The state Assembly will likely vote to pass a bill to remove protections for wetlands, marking a win for GOP lawmakers in the continued battle between conservationists and business interests.

Wetlands protections nixed under GOP bill; critics say it would damage environment

The state Assembly will likely vote to pass a bill to remove protections for wetlands, marking a win for GOP lawmakers in the continued battle between conservationists and business interests.

The bill, written by Assembly Majority Leader Jim Steineke, R-Kaukauna, allows private infrastructure to be built on top of wetlands without obtaining a permit or helping to restore other wetlands, which were previous requirements managed by the Wisconsin Department of Natural Resources.

Republican proponents feel that these regulations hindered the potential of areas of Wisconsin that are lagging behind in terms of economic growth.

"This bill is absolutely critical for rural areas that are struggling to develop with their limited resources," said state Rep. Romaine Quinn, R-Barron, in a statement.
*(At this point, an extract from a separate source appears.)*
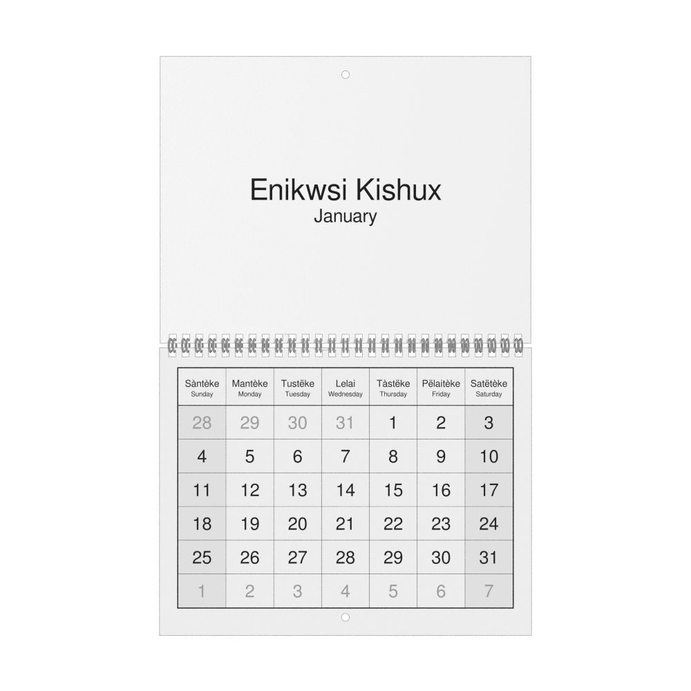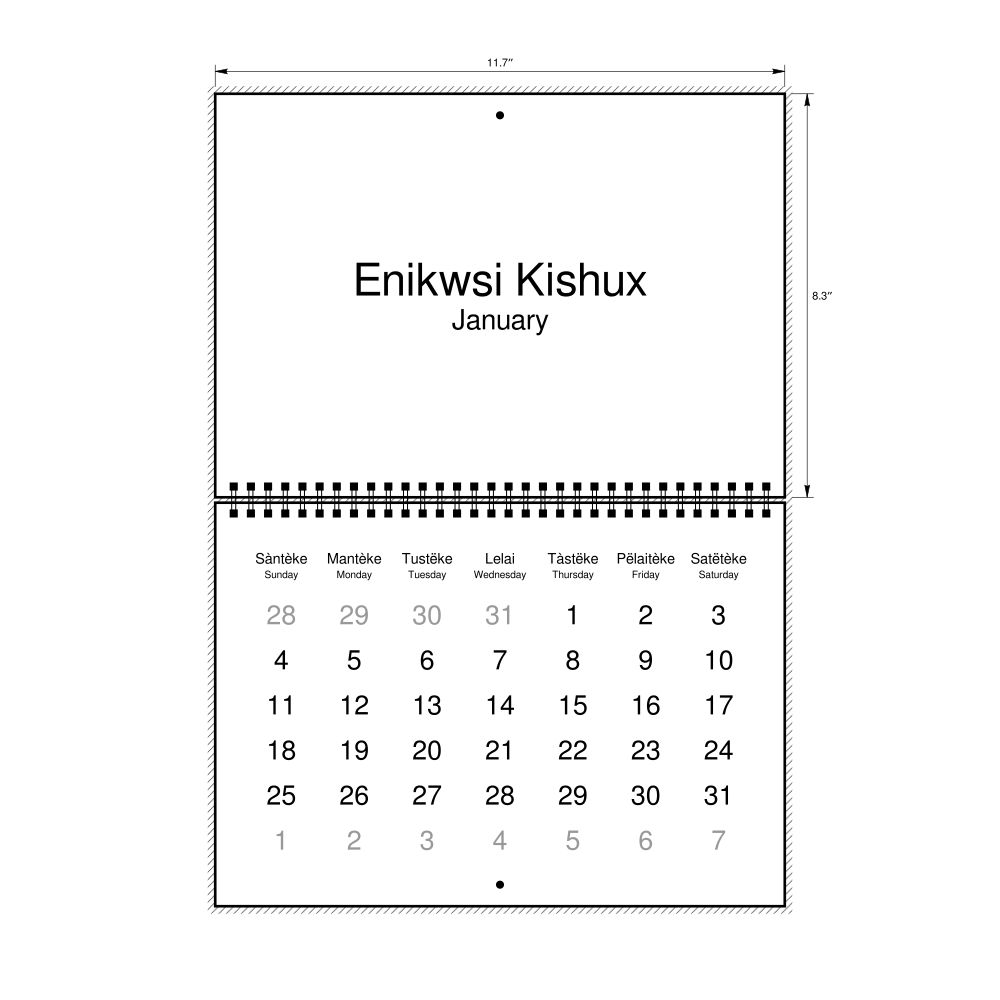An Unami-language wall calendar (2026, Sunday-start format) with English translations.

In a bipartisan vote in 2001, Wisconsin became the first state in the U.S. to approve protective legislation for wetlands, due to their naturally effective ability to reduce nitrates in water and control flooding. Wetlands are identified as potholes, woodland depressions, shallow marshes and meadows that are isolated bodies of water that fill from rain or snow throughout the year.
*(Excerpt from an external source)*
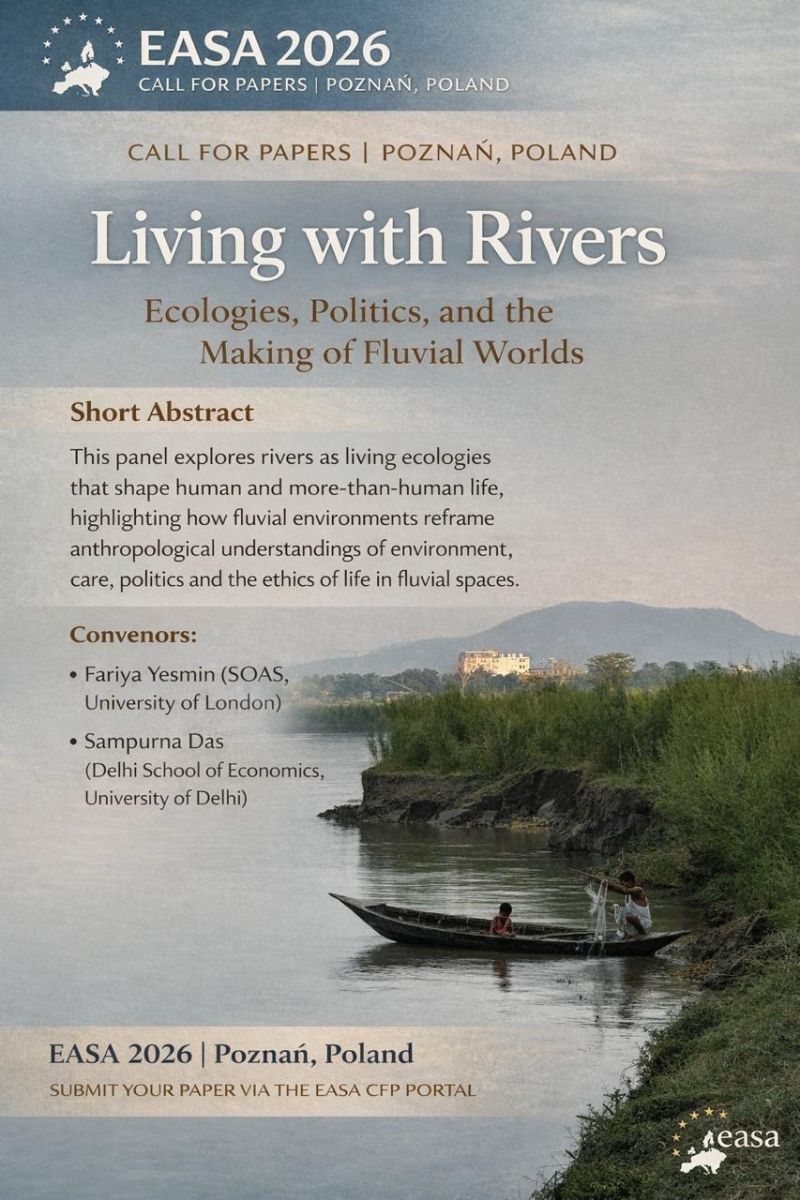 Paper submissions are invited for Panel 114: “Living with Rivers: Ecologies, Politics, and the Making of Fluvial Worlds” at the EASA 2026 Conference. The panel examines rivers as living ecologies that actively shape human and more-than-human life, politics, care practices, and ethical engagements in riverine and island landscapes.

Because of their relatively small size and dispersed locations, wetlands have previously impacted where developers can build in otherwise low-density areas of Wisconsin. For this reason, Howard Kamerer, president of WOW Logistics, an Appleton-area company, claims that the new bill will help environmental causes by limiting urban sprawl.

“What we do is build that new industrial park right in the middle of someone’s farmland and pay them the money so we don’t have to deal with the DNR and we don’t have to deal with the regulatory burden,” Kramer told the Milwaukee Journal Sentinel.
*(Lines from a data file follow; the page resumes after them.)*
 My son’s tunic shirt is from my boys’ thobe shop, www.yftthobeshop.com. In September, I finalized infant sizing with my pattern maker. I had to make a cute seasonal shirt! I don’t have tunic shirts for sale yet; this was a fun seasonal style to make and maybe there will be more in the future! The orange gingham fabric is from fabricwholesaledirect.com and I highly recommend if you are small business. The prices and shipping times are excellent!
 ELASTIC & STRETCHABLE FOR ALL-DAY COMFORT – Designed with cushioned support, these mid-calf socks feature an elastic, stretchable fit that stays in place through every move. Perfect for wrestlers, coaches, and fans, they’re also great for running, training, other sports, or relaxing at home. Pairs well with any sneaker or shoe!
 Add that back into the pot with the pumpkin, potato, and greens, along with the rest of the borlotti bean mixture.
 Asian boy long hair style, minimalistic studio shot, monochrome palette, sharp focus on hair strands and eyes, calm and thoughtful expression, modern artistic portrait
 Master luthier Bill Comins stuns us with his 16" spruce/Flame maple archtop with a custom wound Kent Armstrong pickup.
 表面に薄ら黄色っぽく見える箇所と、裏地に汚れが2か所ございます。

However, the DNR has said that removing the wetland protection policies will put one million out of 5.3 million acres of wetlands in danger of pollution.

Previously, developers had to create 1.2 acres of wetlands for each acre filled in order to mitigate the environmental damage. The new legislation authorizes developers to fill up to one acre of urban wetlands and up to three acres of wetlands in rural farming areas. According to the bill, an urban area can have a population as little as one hundred people.

State Democrats and environmental groups have expressed extreme disapproval of the bill, but the GOP-controlled Assembly Committee on Regulatory Licensing Reform voted 6-3 to pass it last week.

"Once these wetlands are paved over, there's no going back," said Rep. Jonathan Brostoff, D-Milwaukee, in a statement. "I hope we all take a deep breath and understand these implications."